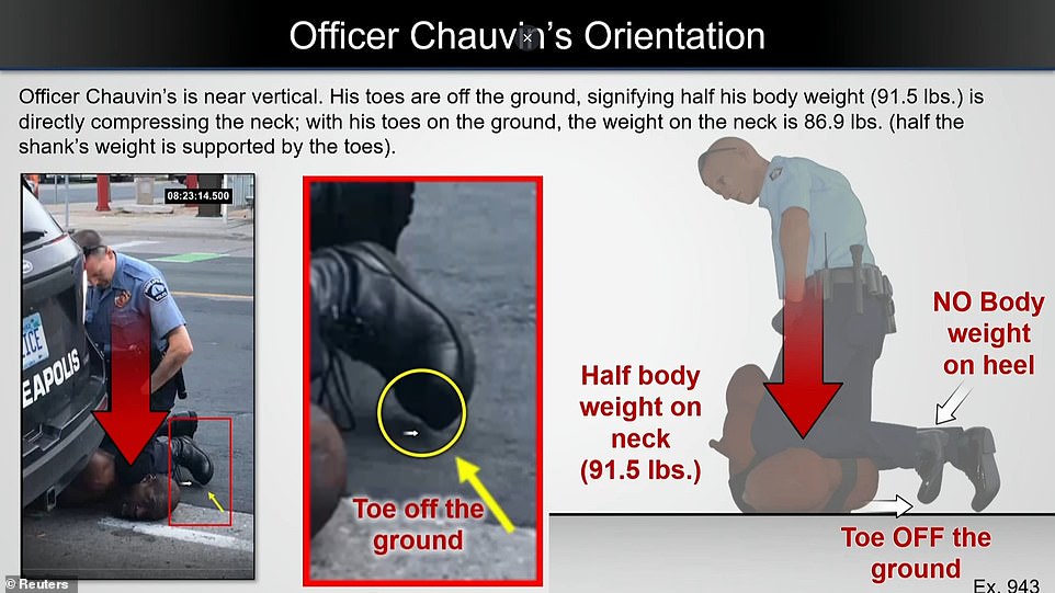 The court brings in evidence of Chauvin’s posture at the time he laid his knee against Floyd’s neck, explaining the logistics behind it. The doctor comments that “this is a death where both the heart and lungs stopped working and the point is that it is due to subdual restraint and compression,”
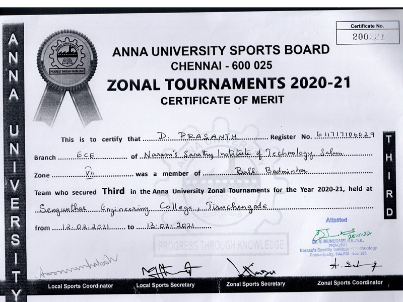 D.PRASHANTH Anna University Zonal Tournament 2020-21(Ball Badminton)
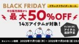 ブラックフライデーでポイント10倍や、50%オフになるセールなどを実施しています。
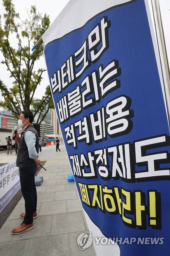 (서울=연합뉴스) 강민지 기자 = 전국금융산업노동조합ㆍ전국사무금융서비스노동조합ㆍ카드사노동조합협의회가 28일 오후 정부서울청사 앞에서 카드수수료인하 관련 적격비용 재산정 제도 폐지 촉구 공동 기자회견을 하고 있다.
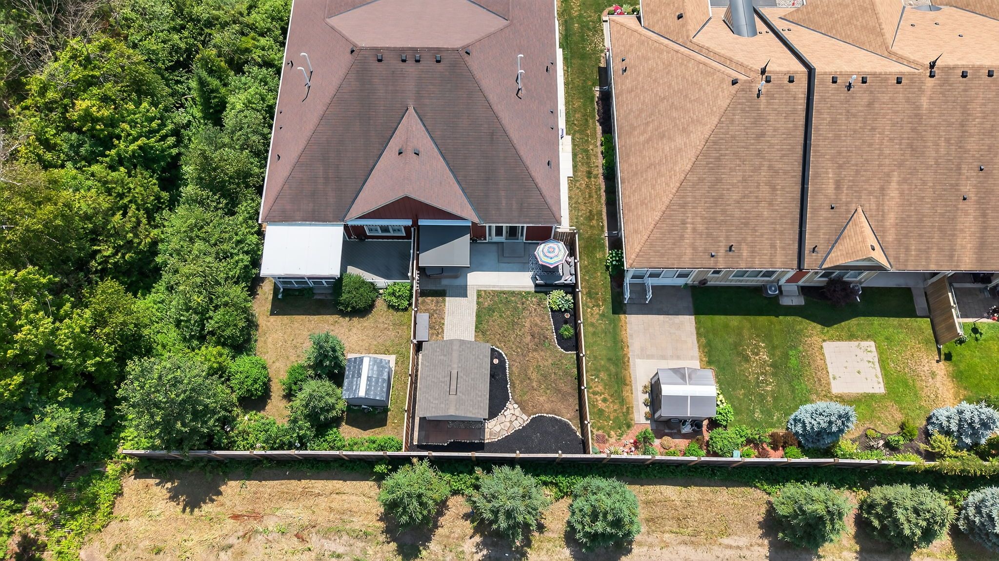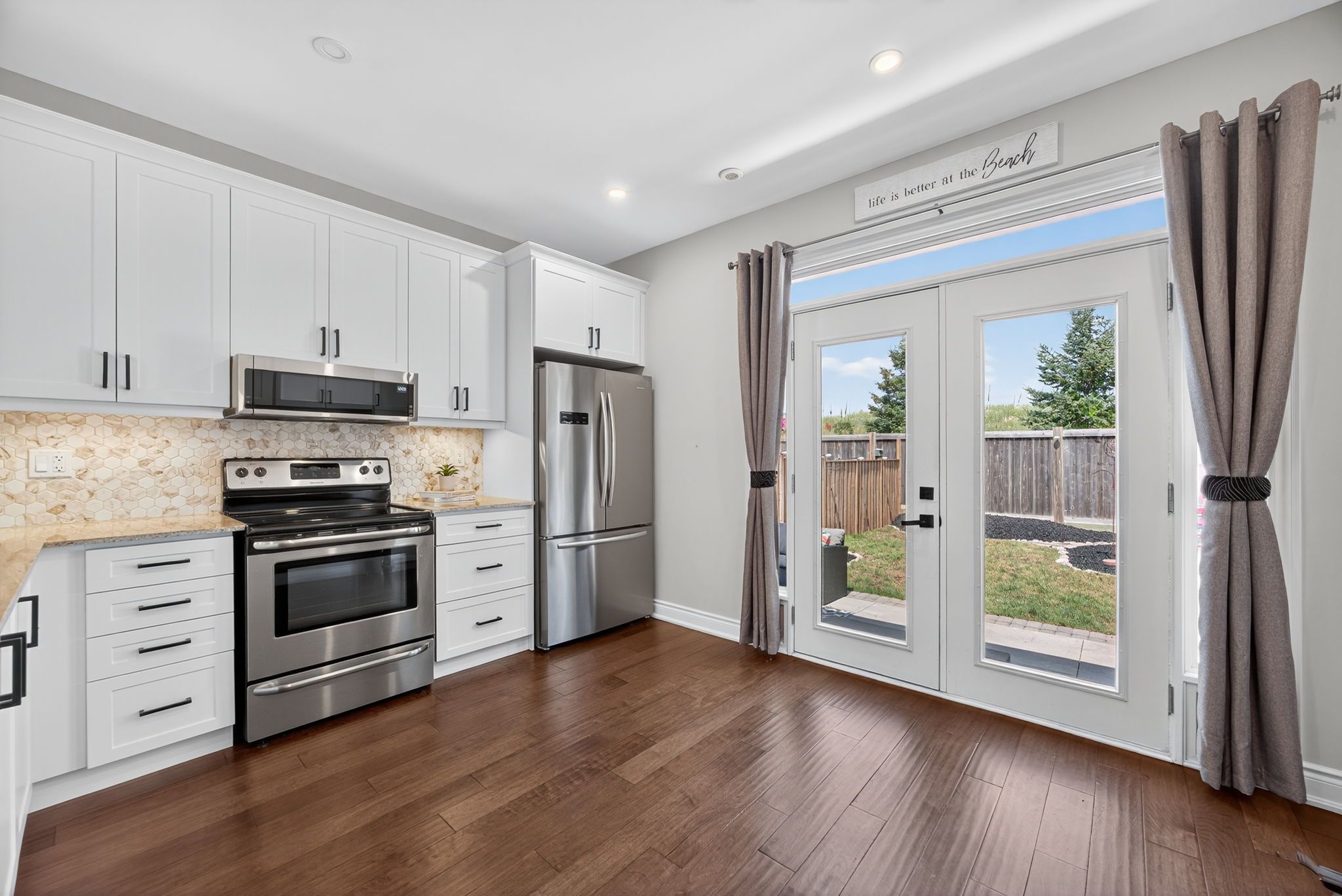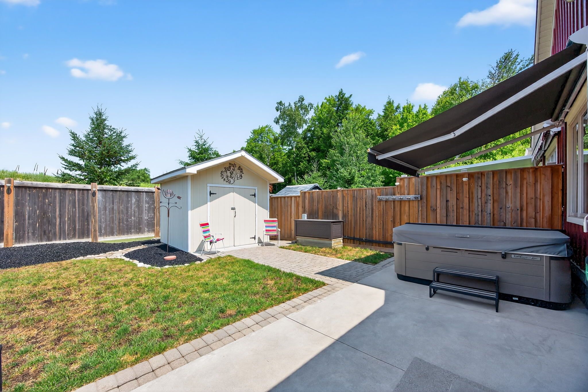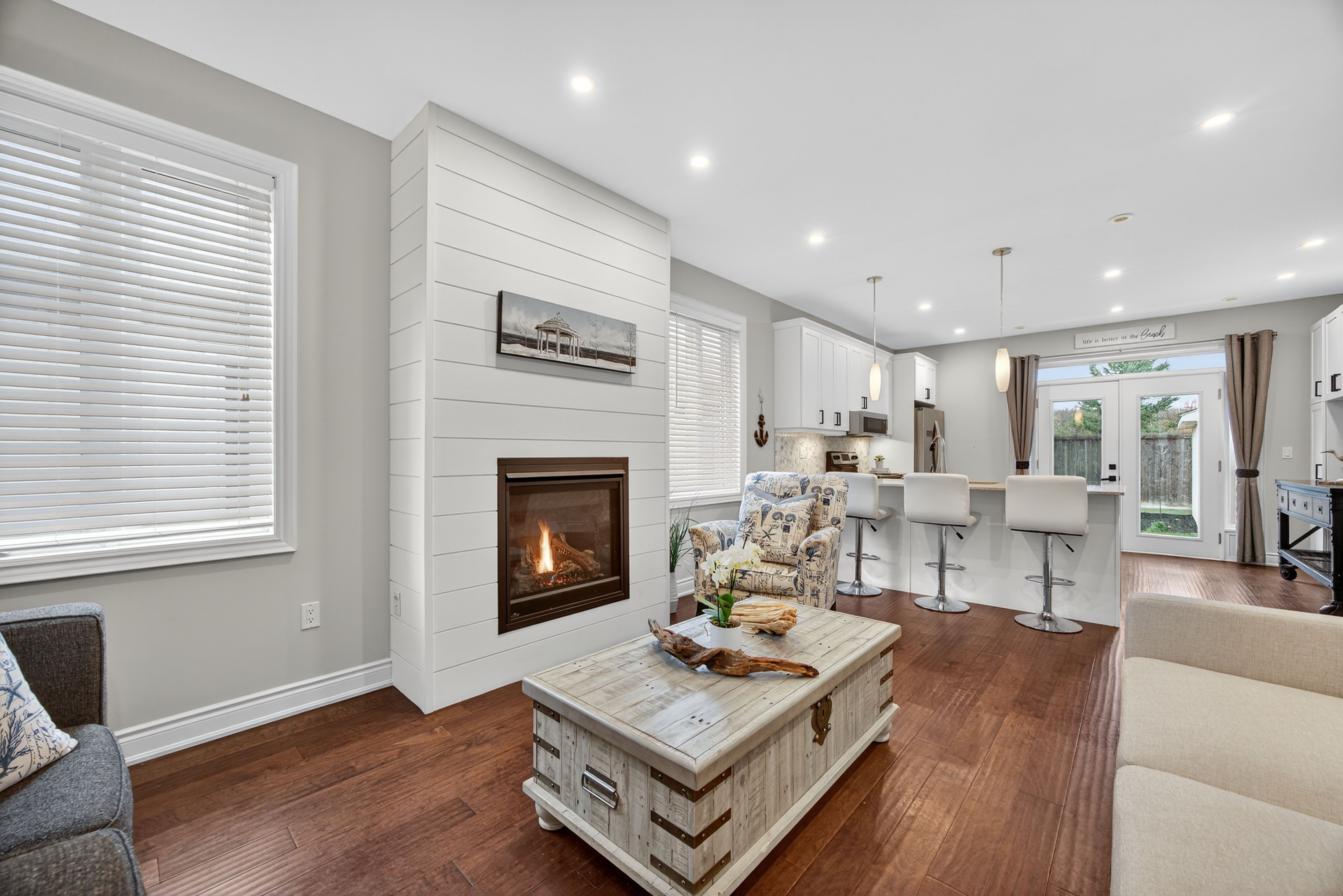 Beautifully finished freehold semi-detached home in wasaga beach offering 2 bedrooms and 2 bathrooms and attached garage! Neutrally painted throughout with 9' ceilings and a spacious kitchen featuring an abundance of cabinetry, a quartz breakfast bar, tiled backsplash, stainless steel appliances and doors leading to a private fenced yard with patio area and shed. The living area features a gas f/p and lots of natural light. The primary suite has 11' vaulted ceilings, an ensuite with shower and walk in closet and the guest bedroom is a great size and has access to a full bathroom. Attached single car garage with inside entry and driveway parking for 2 cars. Hot water is on demand! Located minutes from the beach, shops, restuarants and community centre. Ideal empty nester/retirees home or a weekend getaway for the family and no condo fees!!

##########

**YOUR GOAL**.
Give back an exact repeat of the lines from the top of the data through the line that holds "(서울=연합뉴스) 강민지 기자", both included, and omit pictures.

**TASK RESULT**.
 The court brings in evidence of Chauvin’s posture at the time he laid his knee against Floyd’s neck, explaining the logistics behind it. The doctor comments that “this is a death where both the heart and lungs stopped working and the point is that it is due to subdual restraint and compression,”
 D.PRASHANTH Anna University Zonal Tournament 2020-21(Ball Badminton)
 ブラックフライデーでポイント10倍や、50%オフになるセールなどを実施しています。
 (서울=연합뉴스) 강민지 기자 = 전국금융산업노동조합ㆍ전국사무금융서비스노동조합ㆍ카드사노동조합협의회가 28일 오후 정부서울청사 앞에서 카드수수료인하 관련 적격비용 재산정 제도 폐지 촉구 공동 기자회견을 하고 있다.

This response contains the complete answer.